→ WHAT YOU SHOULD DO: The expected output is a verbatim reprint of the lines from the beginning of the data that follows through the line that contains "한국농어촌공사(사장 최규성)는 31일".

→ Items listed in a dataset:
-*-

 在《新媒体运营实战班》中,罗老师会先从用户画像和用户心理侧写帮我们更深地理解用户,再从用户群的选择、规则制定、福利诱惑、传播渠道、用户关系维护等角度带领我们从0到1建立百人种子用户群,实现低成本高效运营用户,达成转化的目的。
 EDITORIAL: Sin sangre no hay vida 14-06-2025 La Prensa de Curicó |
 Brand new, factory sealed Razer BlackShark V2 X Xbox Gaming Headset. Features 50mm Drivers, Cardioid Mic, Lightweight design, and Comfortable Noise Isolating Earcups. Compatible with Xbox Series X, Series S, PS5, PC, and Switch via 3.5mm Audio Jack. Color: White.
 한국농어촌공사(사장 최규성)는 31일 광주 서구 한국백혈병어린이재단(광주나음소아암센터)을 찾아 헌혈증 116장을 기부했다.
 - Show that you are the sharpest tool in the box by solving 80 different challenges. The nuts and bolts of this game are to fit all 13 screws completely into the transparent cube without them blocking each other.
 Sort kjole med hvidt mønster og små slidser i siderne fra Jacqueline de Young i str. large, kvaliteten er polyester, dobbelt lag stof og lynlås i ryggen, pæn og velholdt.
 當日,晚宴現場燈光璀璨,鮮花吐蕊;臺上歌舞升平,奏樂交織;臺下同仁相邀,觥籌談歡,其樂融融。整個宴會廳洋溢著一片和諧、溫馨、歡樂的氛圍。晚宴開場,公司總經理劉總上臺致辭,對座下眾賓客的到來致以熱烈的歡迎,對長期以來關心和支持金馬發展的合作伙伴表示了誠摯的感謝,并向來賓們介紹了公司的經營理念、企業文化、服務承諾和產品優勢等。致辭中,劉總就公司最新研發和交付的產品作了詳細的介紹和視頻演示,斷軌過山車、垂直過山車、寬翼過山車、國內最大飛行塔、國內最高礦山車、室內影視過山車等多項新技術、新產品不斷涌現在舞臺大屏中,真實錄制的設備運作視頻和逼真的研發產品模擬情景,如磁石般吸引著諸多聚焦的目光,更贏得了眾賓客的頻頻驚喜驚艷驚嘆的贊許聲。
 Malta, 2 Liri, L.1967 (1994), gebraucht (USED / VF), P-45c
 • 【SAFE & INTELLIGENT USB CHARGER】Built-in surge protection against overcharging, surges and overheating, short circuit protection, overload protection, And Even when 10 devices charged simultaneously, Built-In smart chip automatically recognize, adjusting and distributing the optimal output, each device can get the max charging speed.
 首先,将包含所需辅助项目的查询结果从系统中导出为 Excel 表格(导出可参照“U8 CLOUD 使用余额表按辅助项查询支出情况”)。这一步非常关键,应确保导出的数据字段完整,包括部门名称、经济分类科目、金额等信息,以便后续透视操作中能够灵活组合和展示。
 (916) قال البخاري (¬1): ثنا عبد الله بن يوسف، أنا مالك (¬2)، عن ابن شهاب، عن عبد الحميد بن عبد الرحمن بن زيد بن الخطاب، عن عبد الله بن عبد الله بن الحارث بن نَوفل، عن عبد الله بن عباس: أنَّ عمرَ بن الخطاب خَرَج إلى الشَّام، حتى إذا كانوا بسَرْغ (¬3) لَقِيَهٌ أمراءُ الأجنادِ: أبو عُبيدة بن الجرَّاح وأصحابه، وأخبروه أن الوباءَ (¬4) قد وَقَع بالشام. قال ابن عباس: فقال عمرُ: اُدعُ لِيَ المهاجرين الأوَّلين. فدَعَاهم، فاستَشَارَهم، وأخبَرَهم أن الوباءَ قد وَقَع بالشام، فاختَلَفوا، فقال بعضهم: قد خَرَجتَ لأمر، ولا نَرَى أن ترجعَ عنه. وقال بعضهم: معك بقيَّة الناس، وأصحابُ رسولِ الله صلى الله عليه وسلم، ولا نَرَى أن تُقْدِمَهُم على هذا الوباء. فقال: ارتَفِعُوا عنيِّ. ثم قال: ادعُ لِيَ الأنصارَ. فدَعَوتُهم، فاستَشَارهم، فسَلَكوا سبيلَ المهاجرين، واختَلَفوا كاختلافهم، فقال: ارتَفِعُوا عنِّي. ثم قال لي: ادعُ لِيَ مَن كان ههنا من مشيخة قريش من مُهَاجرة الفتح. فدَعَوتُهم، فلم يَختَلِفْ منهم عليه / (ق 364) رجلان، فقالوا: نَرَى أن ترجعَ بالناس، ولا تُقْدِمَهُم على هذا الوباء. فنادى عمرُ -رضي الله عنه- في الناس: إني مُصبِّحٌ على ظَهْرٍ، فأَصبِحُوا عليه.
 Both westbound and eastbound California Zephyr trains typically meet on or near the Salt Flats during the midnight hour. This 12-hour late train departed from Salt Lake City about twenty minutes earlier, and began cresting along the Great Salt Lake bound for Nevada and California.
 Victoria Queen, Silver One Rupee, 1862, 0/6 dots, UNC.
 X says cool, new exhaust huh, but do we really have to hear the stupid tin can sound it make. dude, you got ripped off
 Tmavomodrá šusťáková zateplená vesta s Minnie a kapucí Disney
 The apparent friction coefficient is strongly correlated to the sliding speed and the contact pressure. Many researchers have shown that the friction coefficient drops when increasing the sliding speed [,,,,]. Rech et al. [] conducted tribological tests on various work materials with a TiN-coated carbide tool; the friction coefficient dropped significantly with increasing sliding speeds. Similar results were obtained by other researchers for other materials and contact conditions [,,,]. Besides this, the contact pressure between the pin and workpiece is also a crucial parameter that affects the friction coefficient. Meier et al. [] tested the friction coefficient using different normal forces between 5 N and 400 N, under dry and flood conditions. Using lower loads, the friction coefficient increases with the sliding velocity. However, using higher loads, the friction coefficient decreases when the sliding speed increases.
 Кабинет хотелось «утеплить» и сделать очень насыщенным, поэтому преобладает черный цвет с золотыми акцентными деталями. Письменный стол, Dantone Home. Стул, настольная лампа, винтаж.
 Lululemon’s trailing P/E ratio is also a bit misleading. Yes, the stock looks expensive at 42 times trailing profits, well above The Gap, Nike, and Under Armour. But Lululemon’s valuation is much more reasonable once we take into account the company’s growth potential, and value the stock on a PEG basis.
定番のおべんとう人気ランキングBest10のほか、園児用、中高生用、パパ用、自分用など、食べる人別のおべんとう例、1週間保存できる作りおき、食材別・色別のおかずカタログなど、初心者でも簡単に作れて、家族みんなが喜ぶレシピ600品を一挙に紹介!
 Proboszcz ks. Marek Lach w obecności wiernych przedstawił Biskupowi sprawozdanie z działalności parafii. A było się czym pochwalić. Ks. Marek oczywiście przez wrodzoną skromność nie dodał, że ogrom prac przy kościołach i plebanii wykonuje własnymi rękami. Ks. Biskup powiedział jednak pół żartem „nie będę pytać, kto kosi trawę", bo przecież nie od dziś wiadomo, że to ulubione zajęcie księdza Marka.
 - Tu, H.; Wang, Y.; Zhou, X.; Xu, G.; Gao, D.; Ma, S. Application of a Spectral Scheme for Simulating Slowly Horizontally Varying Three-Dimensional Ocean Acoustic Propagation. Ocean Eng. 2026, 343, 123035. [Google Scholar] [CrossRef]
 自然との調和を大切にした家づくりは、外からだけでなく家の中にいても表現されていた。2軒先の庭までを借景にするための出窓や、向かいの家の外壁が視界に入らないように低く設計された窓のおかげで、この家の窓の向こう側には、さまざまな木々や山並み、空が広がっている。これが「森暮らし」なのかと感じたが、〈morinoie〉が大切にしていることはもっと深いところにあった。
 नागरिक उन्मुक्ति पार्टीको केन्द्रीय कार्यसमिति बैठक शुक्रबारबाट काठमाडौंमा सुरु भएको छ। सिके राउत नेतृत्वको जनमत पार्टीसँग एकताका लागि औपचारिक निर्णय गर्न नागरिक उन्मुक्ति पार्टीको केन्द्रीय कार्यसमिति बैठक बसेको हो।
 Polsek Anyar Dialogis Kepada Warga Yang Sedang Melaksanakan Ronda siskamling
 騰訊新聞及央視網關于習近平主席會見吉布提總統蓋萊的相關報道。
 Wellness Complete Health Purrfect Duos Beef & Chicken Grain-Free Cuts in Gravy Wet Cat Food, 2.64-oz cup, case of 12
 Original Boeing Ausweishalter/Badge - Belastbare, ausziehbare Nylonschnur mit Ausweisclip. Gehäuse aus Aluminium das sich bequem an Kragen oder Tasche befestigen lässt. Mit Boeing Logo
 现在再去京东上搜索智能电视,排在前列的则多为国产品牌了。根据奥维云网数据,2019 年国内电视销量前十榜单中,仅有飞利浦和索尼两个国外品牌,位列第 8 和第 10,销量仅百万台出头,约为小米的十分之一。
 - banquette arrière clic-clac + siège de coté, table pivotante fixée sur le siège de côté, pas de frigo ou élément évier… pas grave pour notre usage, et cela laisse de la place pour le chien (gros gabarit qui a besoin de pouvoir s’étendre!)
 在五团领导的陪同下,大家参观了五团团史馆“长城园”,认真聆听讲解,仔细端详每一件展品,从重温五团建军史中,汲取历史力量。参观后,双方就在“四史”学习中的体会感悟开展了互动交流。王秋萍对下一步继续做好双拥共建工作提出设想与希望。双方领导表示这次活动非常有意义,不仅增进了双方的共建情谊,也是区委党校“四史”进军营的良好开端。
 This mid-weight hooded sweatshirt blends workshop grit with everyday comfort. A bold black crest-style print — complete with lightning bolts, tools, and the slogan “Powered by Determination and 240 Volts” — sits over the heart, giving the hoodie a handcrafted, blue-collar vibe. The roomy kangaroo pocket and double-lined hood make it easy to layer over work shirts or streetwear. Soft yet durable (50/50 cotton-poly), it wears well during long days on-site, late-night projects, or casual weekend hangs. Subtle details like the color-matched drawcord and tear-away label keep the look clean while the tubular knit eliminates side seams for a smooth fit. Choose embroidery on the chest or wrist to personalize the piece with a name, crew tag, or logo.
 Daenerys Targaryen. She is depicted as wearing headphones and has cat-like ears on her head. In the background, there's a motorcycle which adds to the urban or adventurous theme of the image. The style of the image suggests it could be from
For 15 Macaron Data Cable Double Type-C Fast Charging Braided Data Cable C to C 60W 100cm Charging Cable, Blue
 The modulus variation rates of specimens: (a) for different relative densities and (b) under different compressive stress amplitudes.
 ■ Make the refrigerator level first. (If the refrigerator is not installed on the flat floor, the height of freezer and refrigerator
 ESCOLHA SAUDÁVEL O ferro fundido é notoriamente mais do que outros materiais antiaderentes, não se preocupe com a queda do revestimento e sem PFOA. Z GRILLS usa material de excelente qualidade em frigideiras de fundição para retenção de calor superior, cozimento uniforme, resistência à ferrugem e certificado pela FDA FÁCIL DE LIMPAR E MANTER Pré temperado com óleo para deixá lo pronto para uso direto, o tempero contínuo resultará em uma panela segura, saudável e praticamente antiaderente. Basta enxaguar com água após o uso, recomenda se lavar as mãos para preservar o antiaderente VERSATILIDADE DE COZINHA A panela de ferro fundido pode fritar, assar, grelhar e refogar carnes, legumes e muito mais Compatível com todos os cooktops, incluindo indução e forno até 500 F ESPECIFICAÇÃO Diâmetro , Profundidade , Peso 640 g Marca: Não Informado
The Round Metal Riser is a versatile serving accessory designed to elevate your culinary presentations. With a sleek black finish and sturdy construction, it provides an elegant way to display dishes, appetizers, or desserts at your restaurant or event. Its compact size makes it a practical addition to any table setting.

-*-

→ RESPONSE BOX:
 在《新媒体运营实战班》中,罗老师会先从用户画像和用户心理侧写帮我们更深地理解用户,再从用户群的选择、规则制定、福利诱惑、传播渠道、用户关系维护等角度带领我们从0到1建立百人种子用户群,实现低成本高效运营用户,达成转化的目的。
 EDITORIAL: Sin sangre no hay vida 14-06-2025 La Prensa de Curicó |
 Brand new, factory sealed Razer BlackShark V2 X Xbox Gaming Headset. Features 50mm Drivers, Cardioid Mic, Lightweight design, and Comfortable Noise Isolating Earcups. Compatible with Xbox Series X, Series S, PS5, PC, and Switch via 3.5mm Audio Jack. Color: White.
 한국농어촌공사(사장 최규성)는 31일 광주 서구 한국백혈병어린이재단(광주나음소아암센터)을 찾아 헌혈증 116장을 기부했다.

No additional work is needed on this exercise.